= Robert Waller (pundit) =

British historian and political scientist (born 1955)

Robert Waller (born September 1955) is a British historian, election expert, author, teacher, and former opinion pollster. His best known published work is The Almanac of British Politics (eight editions, 1983–2007), a guide to the voting patterns of all United Kingdom parliamentary constituencies.

==Education and career==

Waller was born in Stoke-on-Trent, and educated first at Buxton College in Derbyshire, and then at the University of Oxford. In 1977, he earned a first class BA in history from Balliol College, and in 1981, graduated from Merton College with an MA and D.Phil. in History. His doctoral thesis, a historical study of the Dukeries district of Nottinghamshire, was published by Oxford University Press in 1983 under the title The Dukeries Transformed. He was a Fellow of Magdalen College from 1980 to 1984.

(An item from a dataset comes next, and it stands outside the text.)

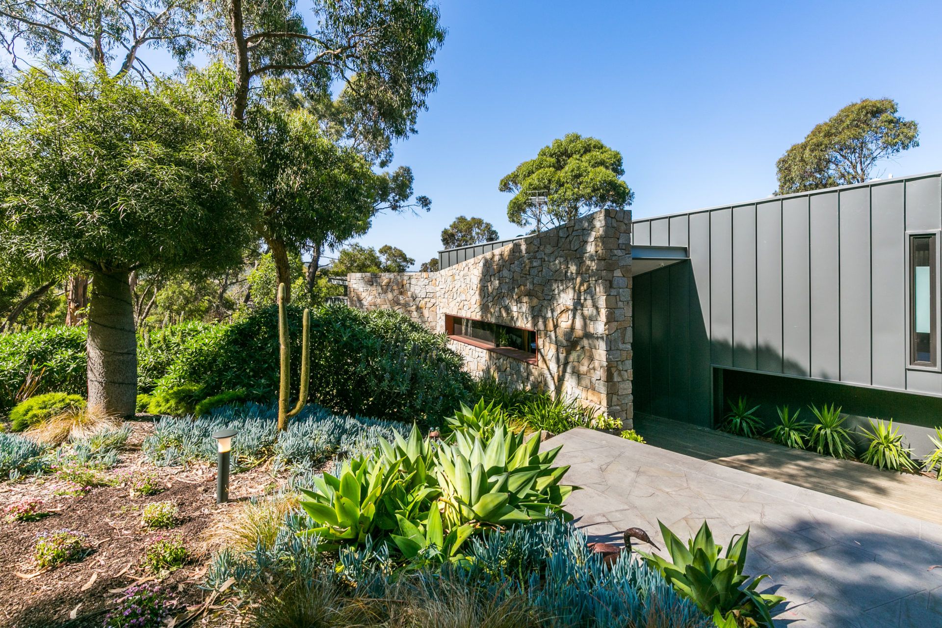 Bluestone steps lead to the front entrance and make a grand first impression. This continues inside: the sumptuous, open plan entertaining area is much larger than one would anticipate. The tiled expanse with underfloor heating is punctuated by a Chazelles double-sided fireplace with stone hearth. On one side is the living area with custom built teak joinery and an inviting island of inlaid carpet; on the other a generous dining area and beautiful entertainers kitchen with Stone Italiana bench tops, European appliances and large butlers pantry.

From 1984 to 1986, Waller was a lecturer and tutor in Politics and History at the University of Oxford, as well as an assistant professor at the University of Notre Dame. In 1986, he became the research director of the Harris Research Centre, responsible for national opinion polling. He remained in this position until 1998, when he took up secondary school teaching. He has since taught at Brighton College, Dame Alice Harpur School in Bedford, and Haileybury in Hertford. In 2001 he was made head of History and Politics at the Greenacre School for Girls in Banstead, Surrey. In 2017 he moved to teach at Dunottar School, Reigate.

From 2008 until the 2010 general election, Waller contributed a monthly column to Total Politics magazine.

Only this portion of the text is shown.